■ **PROBLEM TO SOLVE**
For any picture in the lines below, please leave it out and copy the rest exactly.

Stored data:
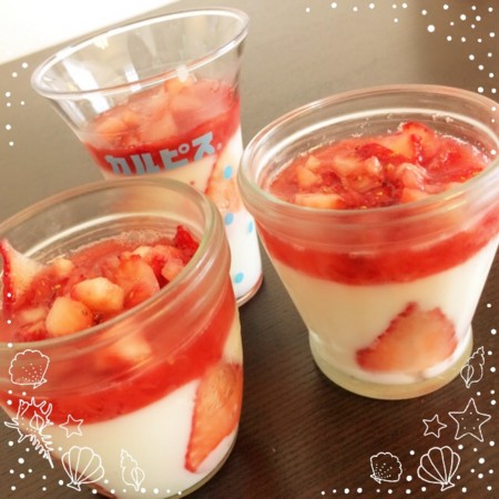 ということで家事えもんのレシピで、いちごの牛乳プリンを作ってみたー。
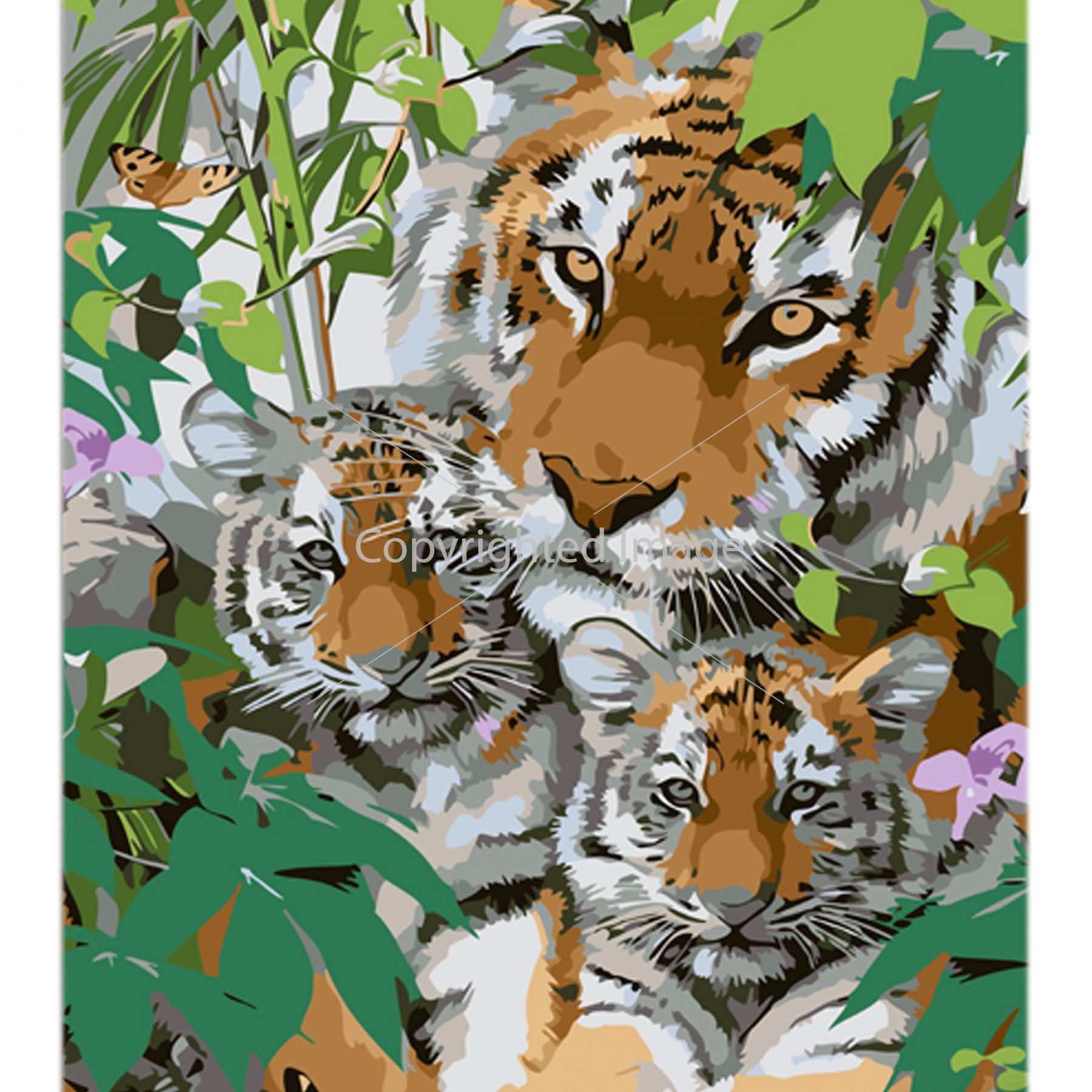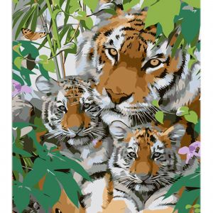 Картина за номерами Strateg ПРЕМІУМ Сім'я тигрів з лаком та з рівнем розміром 30х40 см (LY45)
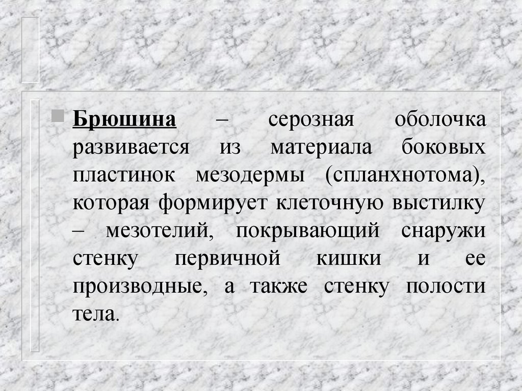 остальные слои стенки из мезенхимы (спланхноплевры).
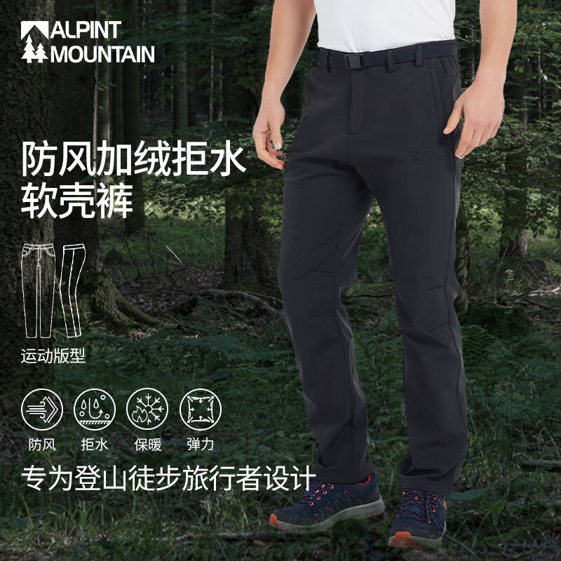 ALPINT MOUNTAIN埃尔蒙特加绒软壳裤男款秋冬户外防寒徒步裤女冬季抓绒防水冲锋裤
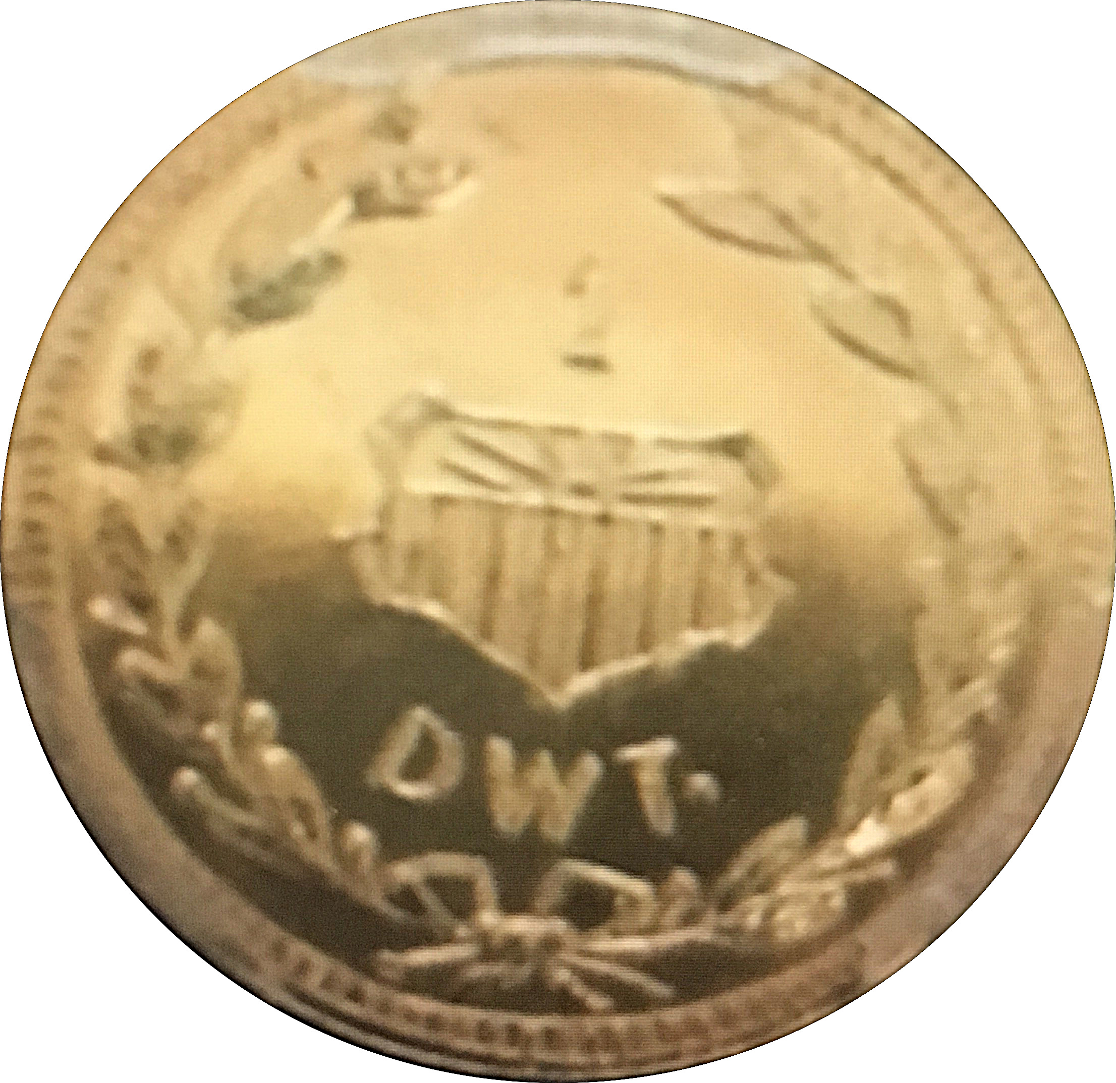 Описание: Усередині відкритого вінка знаходиться щит; над щитом — цифра 1; під щитом — DWT.; облямівка з намистинами.
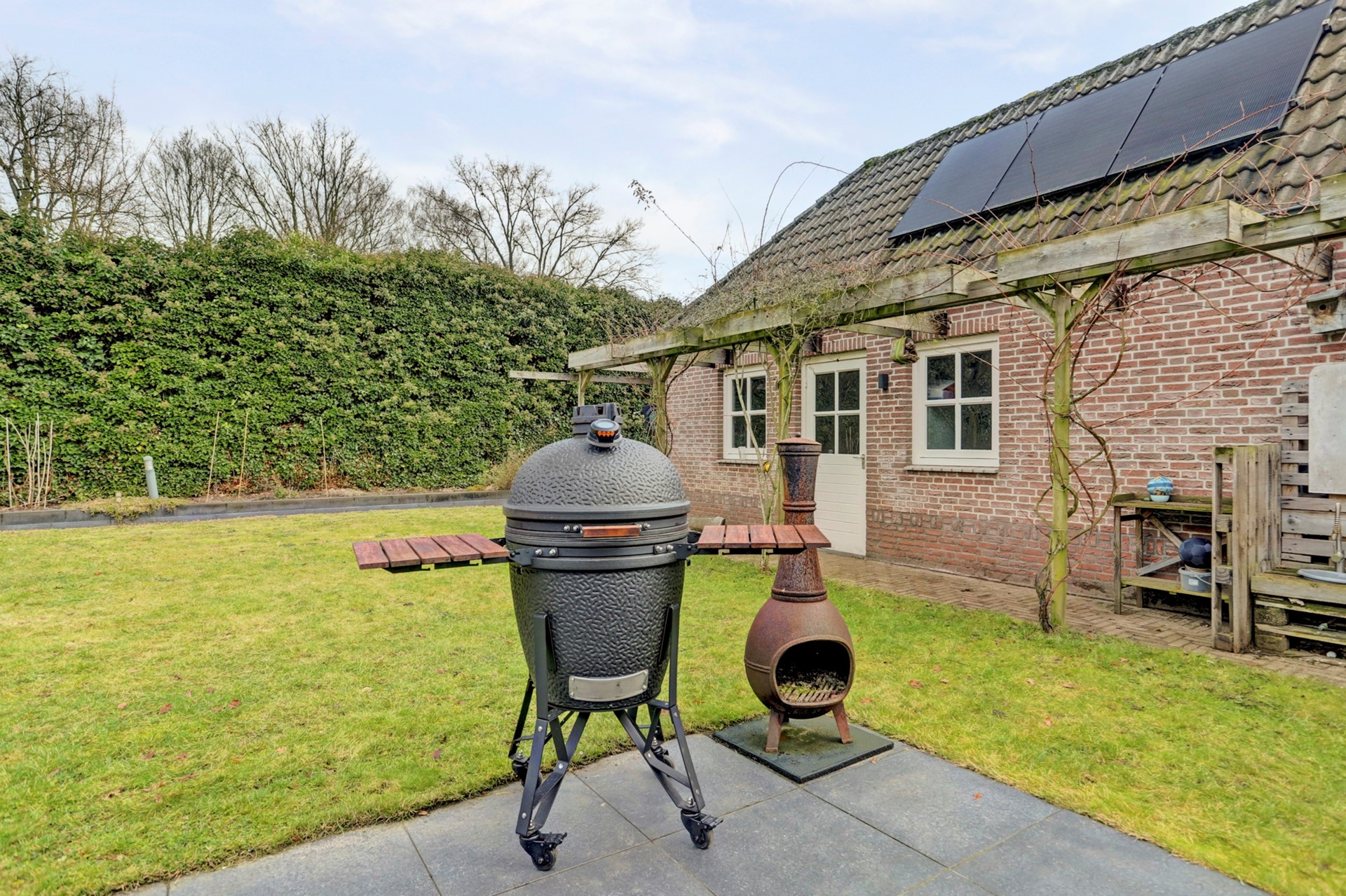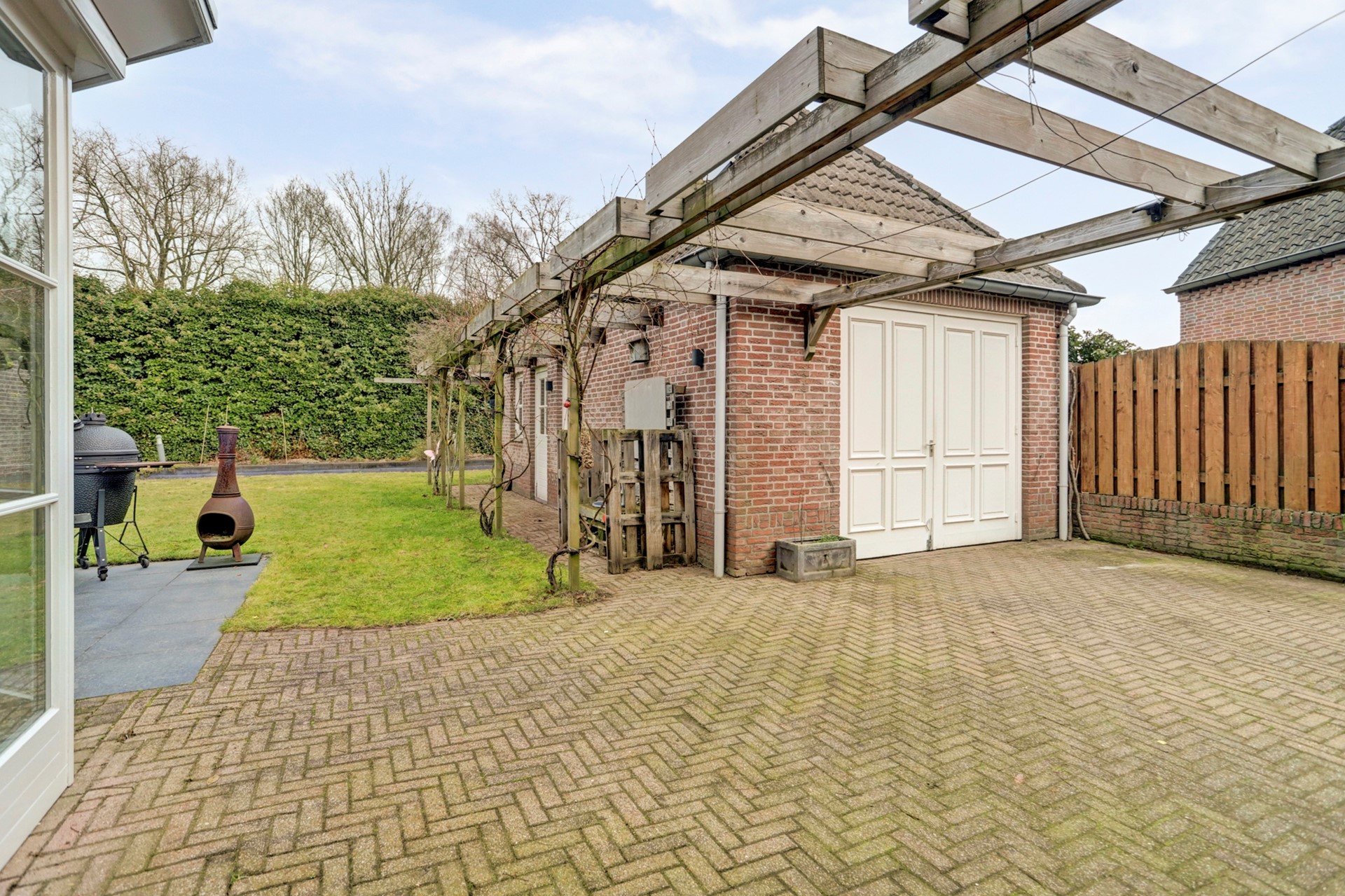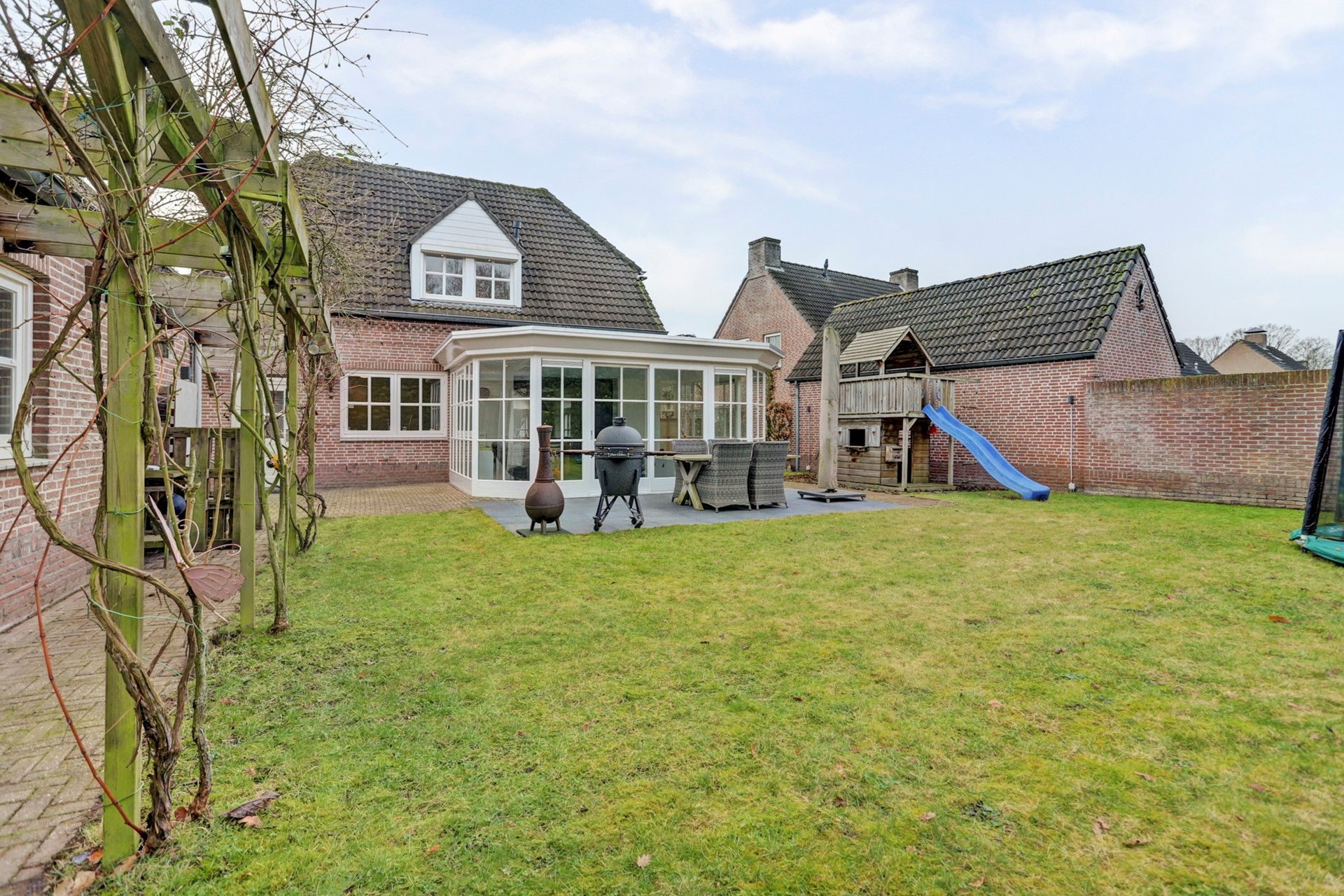 Een looppad leidt je naar het gezellige speelhuis, terwijl een ander pad je onder de pergola met druiven en rozen naar de garage brengt, wat een plaatje moet dat zijn in de zomer!

■ **ANSWER SECTION**
 ということで家事えもんのレシピで、いちごの牛乳プリンを作ってみたー。
 Картина за номерами Strateg ПРЕМІУМ Сім'я тигрів з лаком та з рівнем розміром 30х40 см (LY45)
 остальные слои стенки из мезенхимы (спланхноплевры).
 ALPINT MOUNTAIN埃尔蒙特加绒软壳裤男款秋冬户外防寒徒步裤女冬季抓绒防水冲锋裤
 Описание: Усередині відкритого вінка знаходиться щит; над щитом — цифра 1; під щитом — DWT.; облямівка з намистинами.
 Een looppad leidt je naar het gezellige speelhuis, terwijl een ander pad je onder de pergola met druiven en rozen naar de garage brengt, wat een plaatje moet dat zijn in de zomer!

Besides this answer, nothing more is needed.